3.3. Niet in geschil is dat appellante ten tijde van de bestreden beschikking niet beschikte over het door de minister gehanteerde normbedrag. Met het Gerecht is het Hof van oordeel dat de omstandigheid dat het verschil tussen het vermogen van appellante en het normbedrag in de periode november 2017 en mei 2018 relatief klein is, geen bijzondere omstandigheid is op grond waarvan de minister van zijn beleid had moeten afwijken. De omstandigheid dat appellante sinds 11 februari 2014 op Curaçao verblijf heeft gehad, maakt dat niet anders nu daarmee niet is. aangetoond dat het vasthouden aan het normbedrag voor appellante hierdoor in verhouding tot het doel van het beleid, zijnde het voorkomen dat een beroep op de algemene middelen wordt gedaan, onevenredig is
Dat appellante in beroep een geldautomaatbon van de bank heeft overgelegd waarop is vermeld dat zij beschikt over een vermogen van NA
f36.393,75, kan haar niet baten. Los van de vraag of de bon van 11 januari 2018 of 1 november 2018 is en daarmee van voor of na het nemen van de bestreden beschikking, waarover appellante verschillende standpunten heeft ingenomen, staat vast dat het stuk pas na de bezwaarfase is ingebracht, zodat de minister het niet bij de vaststelling van de bestreden beschikking heeft kunnen betrekken. Voorts is met de bon niet aangetoond dat het vermogen een duurzaam karakter heeft.
Nu appellante niet voldeed aan het door de minister gehanteerde normbedrag en zij geen omstandigheden naar voren heeft gebracht die zodanig bijzonder zijn dat de minister redelijkerwijs niet had kunnen vasthouden aan zijn beleid, heeft de minister haar aanvraag mogen afwijzen.
Het betoog faalt.
4. Het hoger beroep is ongegrond.

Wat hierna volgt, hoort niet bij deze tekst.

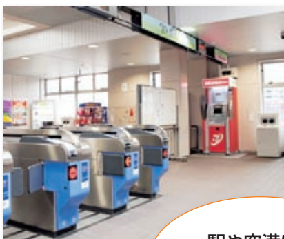
ゆりかもめ豊洲駅

De aangevallen uitspraak dient te worden bevestigd.
5. Voor een proceskostenveroordeling bestaat geen aanleiding
6.
Beslissing
Het Gemeenschappelijk Hof van Justitie van Aruba, Curaçao, Sint Maarten en van Bonaire, Sint Eustatius en Saba:
bevestigtde aangevallen uitspraak.
Aldus vastgesteld door mr. E.A. Saleh, voorzitter, mr. J.E.M. Polak en mr. Mr. B.J. van Ettekoven, leden, in tegenwoordigheid van
mr. C.F. Donner-Haan, griffier.
w.g. Saleh
voorzitter
w.g. Donner-Haan
griffier
Uitgesproken in het openbaar op 16 september 2020

BIJLAGE

Landsverordening toelating en uitzetting

Artikel 6
1. Behalve in de artikelen 1 en 3 vermelde personen wordt niemand in de Nederlandse Antillen toegelaten zonder vergunning tot tijdelijk verblijf of tot verblijf.
[..]
Artikel 9
1. De vergunning tot tijdelijk verblijf of tot verblijf kan door of namens de Minister van Justitie worden geweigerd:
a. met het oog op de openbare orde of het algemeen belang, waaronder economische redenen mede worden begrepen;
b. indien niet kan worden aangetoond dat degene voor wie toelating wordt verzocht over voldoende middelen van bestaan zal beschikken.
2. De redenen tot weigering worden in de beslissing vermeld, tenzij de autoriteit die de afwijzende beslissing nam, in een bepaald geval van oordeel is, dat motivering van de beslissing niet wenselijk is.
3. Indien de vergunning tot toelating is geweigerd, kan met de sterke arm worden verhinderd, dat de verzoeker de Nederlandse Antillen binnenkomt.